Blog post about my experiences with Julia

Hi Carsten

I am not in Germany (I live in an English speaking country though).

We are in the process of getting a new hpc but I am not allowed to talk about any details during the post tender process (it is not military classified though).

Plus configuring it correctly w.r.t. MPI, SLURM, CUDA, parallel I/O, etc to make sure Julia can actually take full advantage of hardware and (low-level) software. I’m always amazed to see amount of complexity you need to go through as a user to get, say, GPU-to-GPU transfers working at full speed. I don’t work on those things myself, but my colleagues often have to guide users to compiling and running their programs efficiently.

That’s why I think just downloading Julia on a supercomputer and running it will not immediately give you all the performance you want, especially when running large multi-node jobs.

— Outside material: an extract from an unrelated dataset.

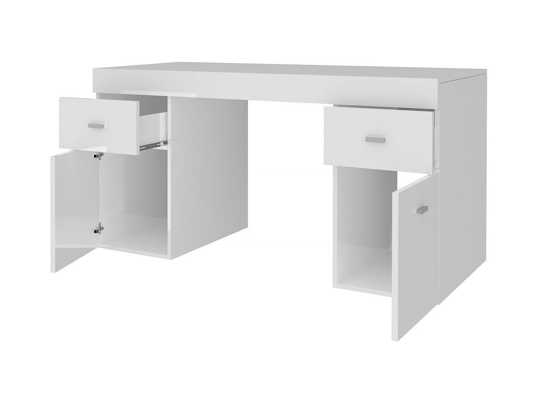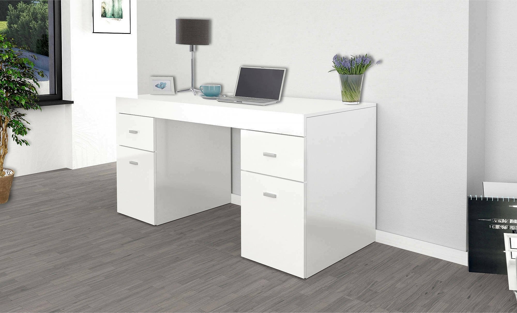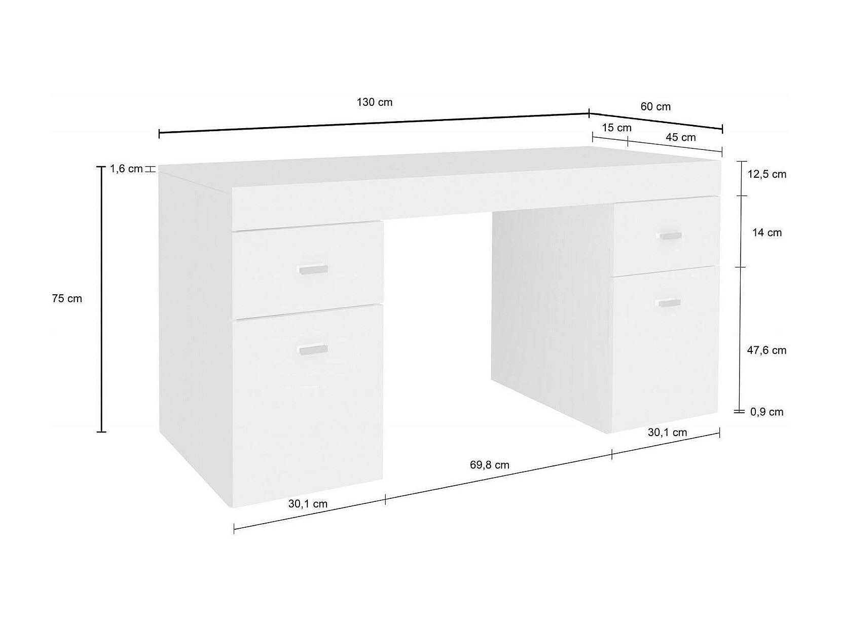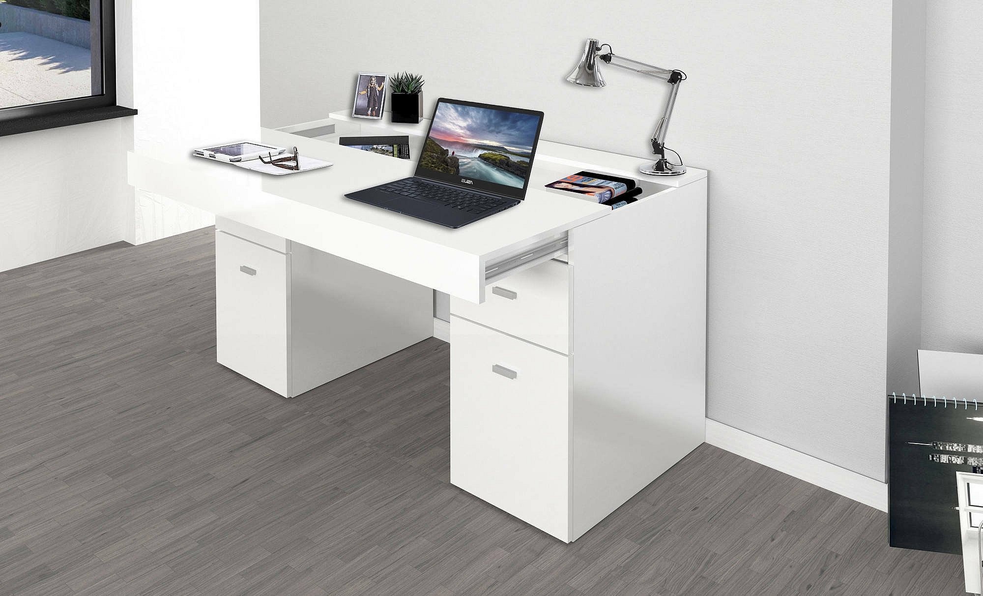 Bureau Cristiano, Bureau PC linéaire, Table de bureau polyvalente, Bureau peu encombrant, 100% Made in Italy, 130x60h75 cm, Blanc brillant

@carstenbauer Hi! I’m co-organizing the Julia for HPC webinar at SURF, you spoke to Abel :slight_smile:

3 Likes

Why? Keep in mind that Julia is a compiler, the performance of the code it generates doesn’t depend on how it was compiled. There can be a little improvement in the performance of Julia’s runtime, but the benchmarks in Compiling Julia using LTO+PGO - #5 by stabbles showed negligible speedup when compiling Julia and all of its dependencies with -march=native. You mention large multi-node jobs, but if you’re referring to MPI, the package MPI.jl does dynamic loading, so compiling Julia locally doesn’t have any advantages compared to using a prebuilt generic binaries of Julia. Or were you thinking of something else?

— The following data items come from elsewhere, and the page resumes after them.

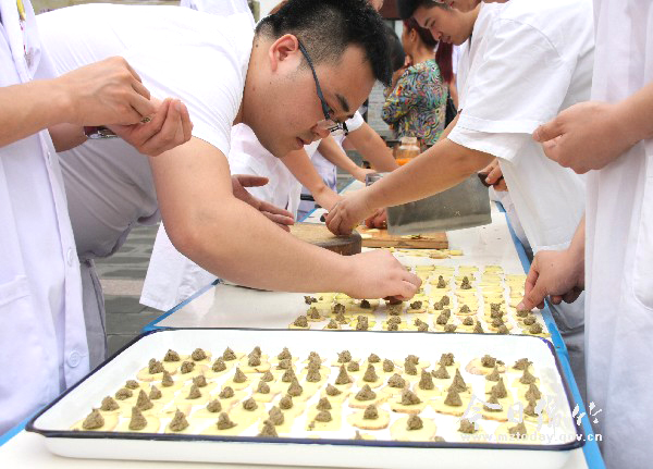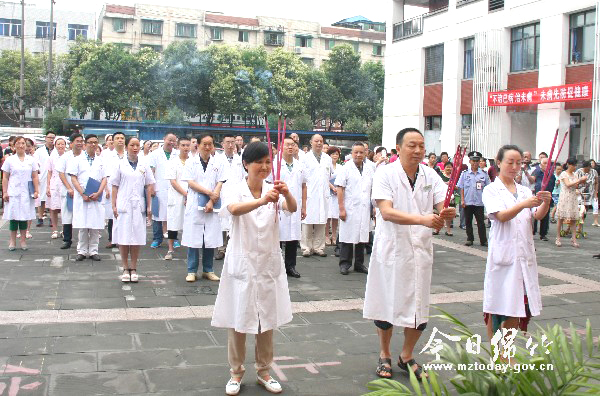 本刊消息 6月20日,市中医医院举行了2015年“祭拜医圣 传承中医”暨第六届大型艾灸义诊活动。 早上8点30分,活动正式开始,医院院长李锐等人净手后,陆续走到“神农大帝”神农氏、“医圣”张仲景和“药王”孙思邈的像前行礼、上香,并拜读祭文,以此表达对古代医学先贤的崇敬和缅怀之情。 祭拜仪式结束后,市中医医院基层指导科、治未病中心、名医堂和剑南社区卫生服务中心等科室的医务人员开始忙碌起来,他们用清晨准备好的蒜片、姜片、艾绒为现场群众进行免费艾灸服务。据了解,当天共有数百名市民在市中医医院享受到免费艾灸服务。
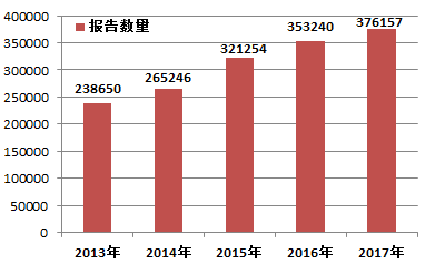 2017年,国家药品不良反应监测中心共收到《医疗器械不良事件报告表》376157份,比2016年增长了6.49%。
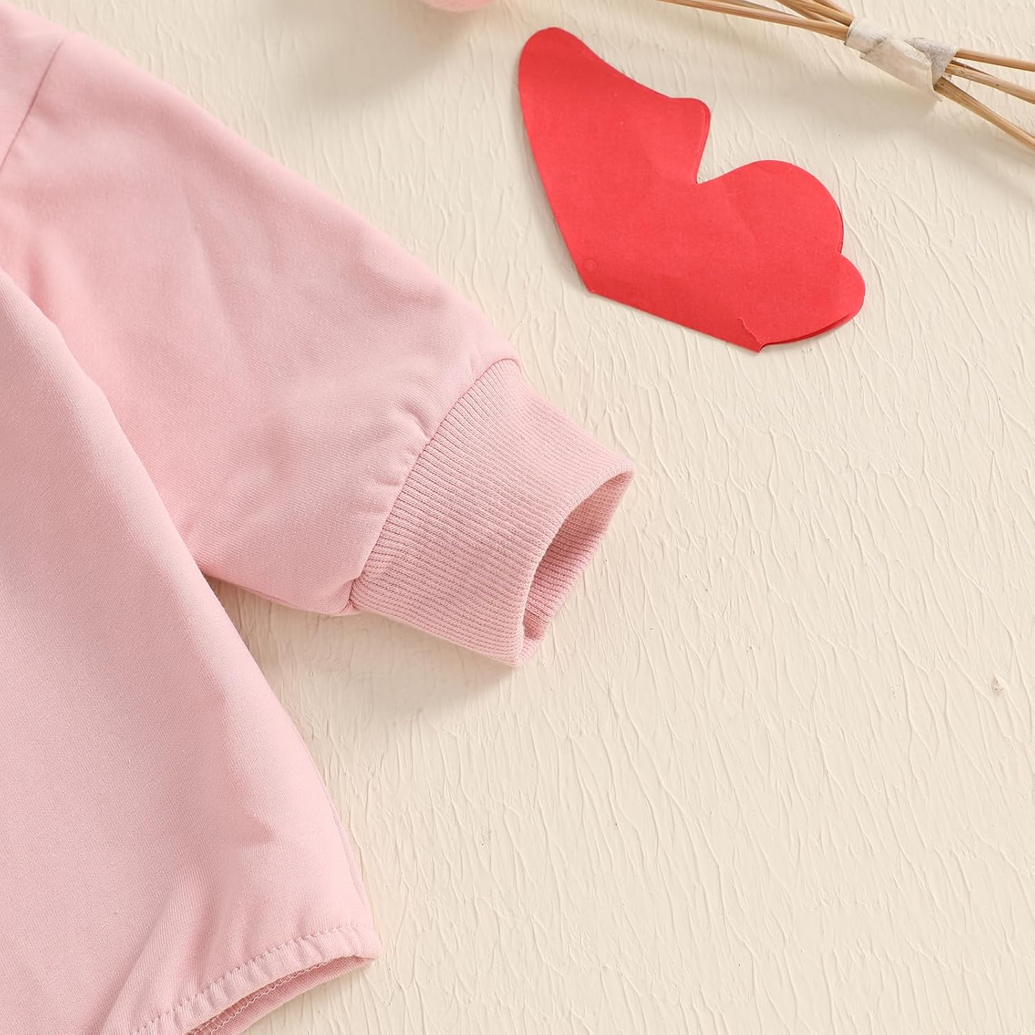 Toddler Child Lady Clothes Bow Print Sweatshirt Romper Bubble Lengthy Sleeve Onesie Valentines Day Outfit Spring Garments
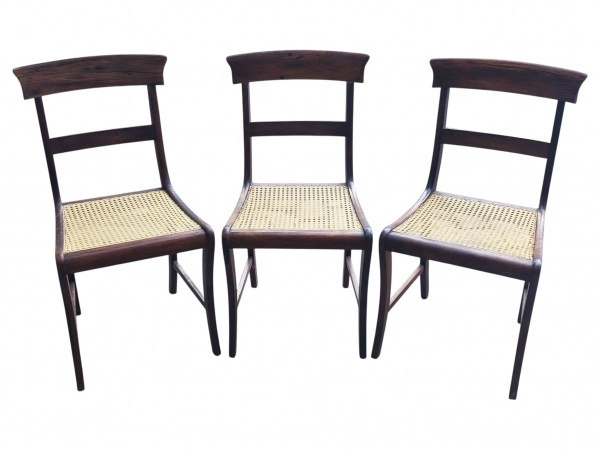 • MOBILIARIO, três (3) cadeiras, confeccionadas em madeira, apresentando assento em palhinha natural trançada. Estrutura de linhas simples e elegantes, com encosto reto, travessa horizontal e pés levemente afunilados, conferindo visual clássico e atemporal, típico de mobiliário de meados do século XX. As cadeiras mantêm boa estabilidade estrutural, uma apresenta fissura na parte traseira, vide foto, medindo 88x46x47cm.
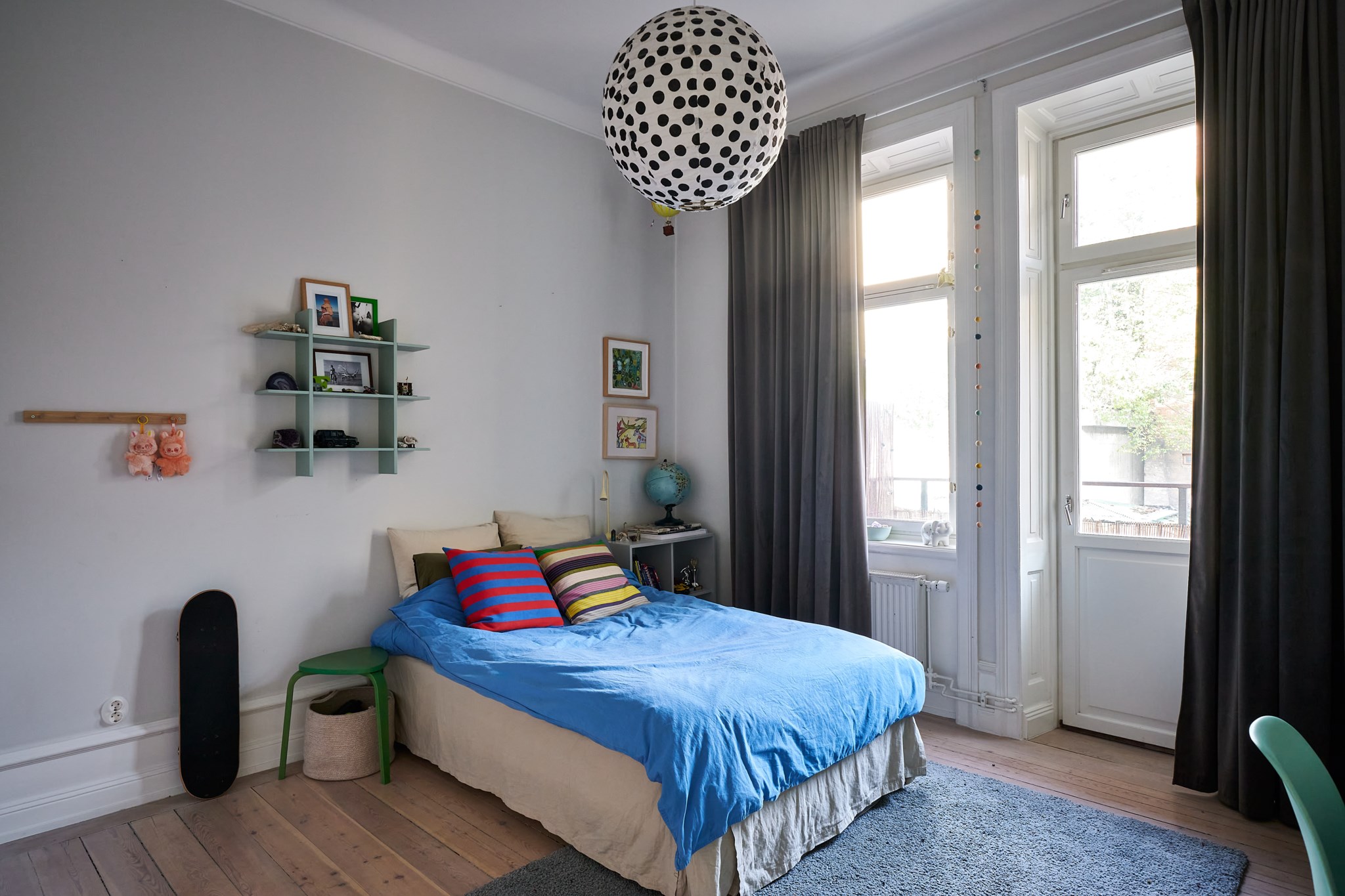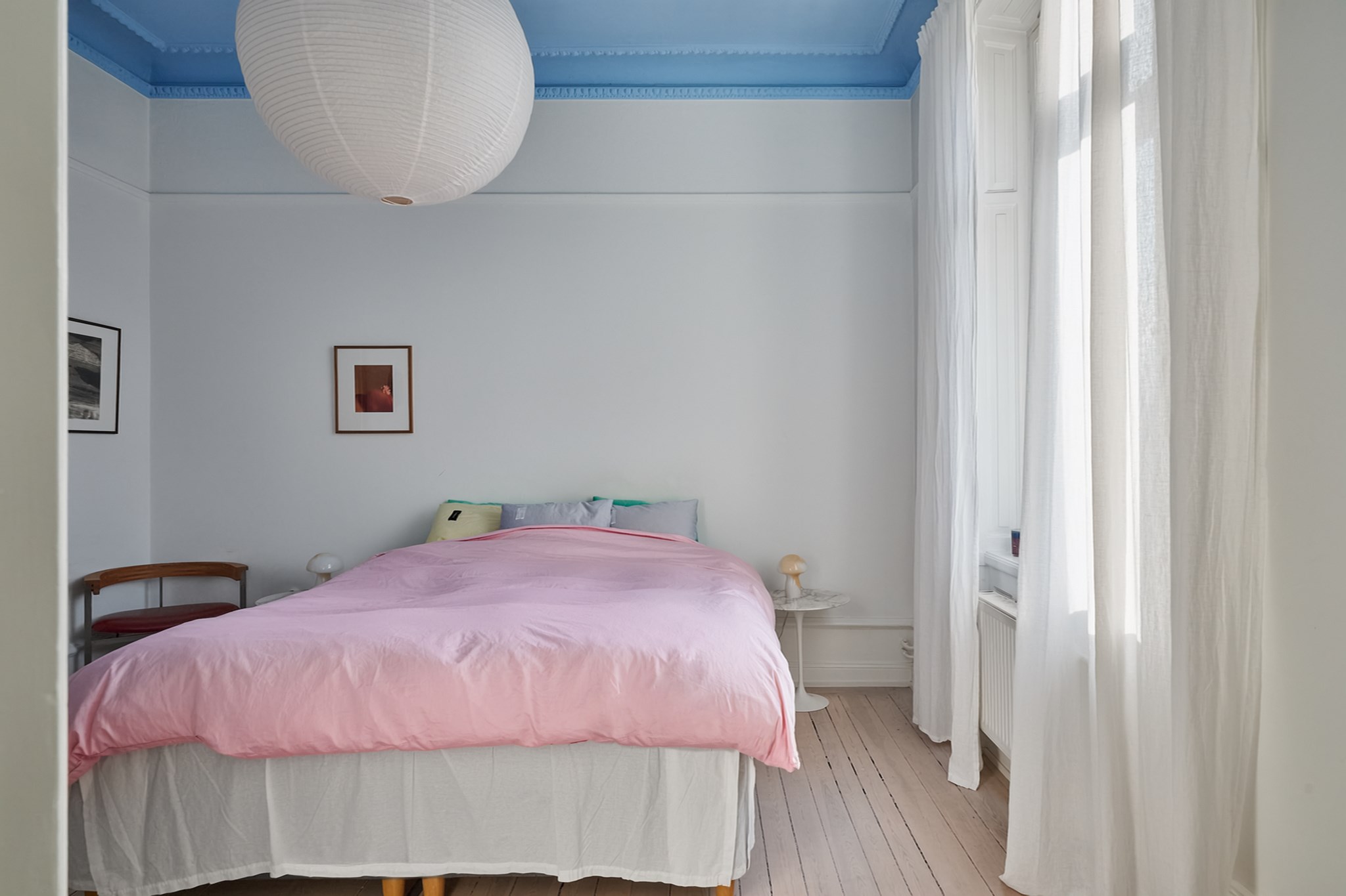 Välproportionerat sovrum med högt fönster som ger ett fint och jämnt ljusinsläpp över rummet. Fönstrets placering gör rummet lättmöblerat och skapar en lugn känsla utan direkt insyn. Rummet har inbyggd garderob som erbjuder praktisk förvaring och bidrar till en ordnad helhet. Ljusa väggar i samspel med trägolv och den generösa takhöjden ger rummet karaktär och rymd. Utgång till balkong från detta rum.

No, I did not mean it is necessary to compile Julia locally. One issue is that, at least on our system, there’s quite a set of environment combinations that a user can choose (Intel versus OpenMPI), HDF5 (tied to MPI version), srun versus mpiexec, etc. E.g. even OpenMPI comes in 3 flavors, compiled with GCC, Intel Compilers and NVIDIA HPC compilers. So depending on their needs (and sometimes restrictions in the software used forcing certain choices) they will load certain versions of these and I’m still not entirely sure Julia will pick up the correct shared libraries in all cases and it will work as expected, but I haven’t looked closely at that yet.

For example, looking at Configuration · MPI.jl it seems you do need to build MPI.jl with the correct module loaded, but this then means a user will need to make sure the same module is loaded when actually running a Julia program under that MPI. But again, I haven’t actually gone through these steps myself yet, partly because it takes quite a bit of time to figure out which libraries Julia uses from the system, which from jll’s it downloads itself, if these conflict with system libraries, if all combinations work, etc.

Edit: in short, correct configuration of the environment is part of the challenge :wink:

3 Likes

As for the structure of the documentation, I am absolutely not implying that Julia should mimic Matlab (after all the reason for my migrating to Julia is that it does things in its own way), but for completeness I would like to share here that majority of their toolboxes have these four pieces in the documentation section:

  • Release notes
  • Getting started
  • User’ guide
  • Reference

I am confident that a better system can be designed and implemented, but this one works fairly well, I think.

Oh, ok, configuration is certainly an important component! Note that documentation if the development version of MPI.jl has also notes for HPC clusters sysadmins.

BTW, we have a Julia HPC working group meeting every fourth Tuesday of the month, and how to simplify configuration is a recurring topic. It’d be great if you could join us if you want to bring your experience or share your thoughts! See also JuliaHPC Meeting (we don’t use Google meet anymore, but the document with the agenda should have the link for joining the call)

2 Likes

Does this course delves deeply into HPC side of things and is it possible to participate in it online even if you are not in Stuttgart?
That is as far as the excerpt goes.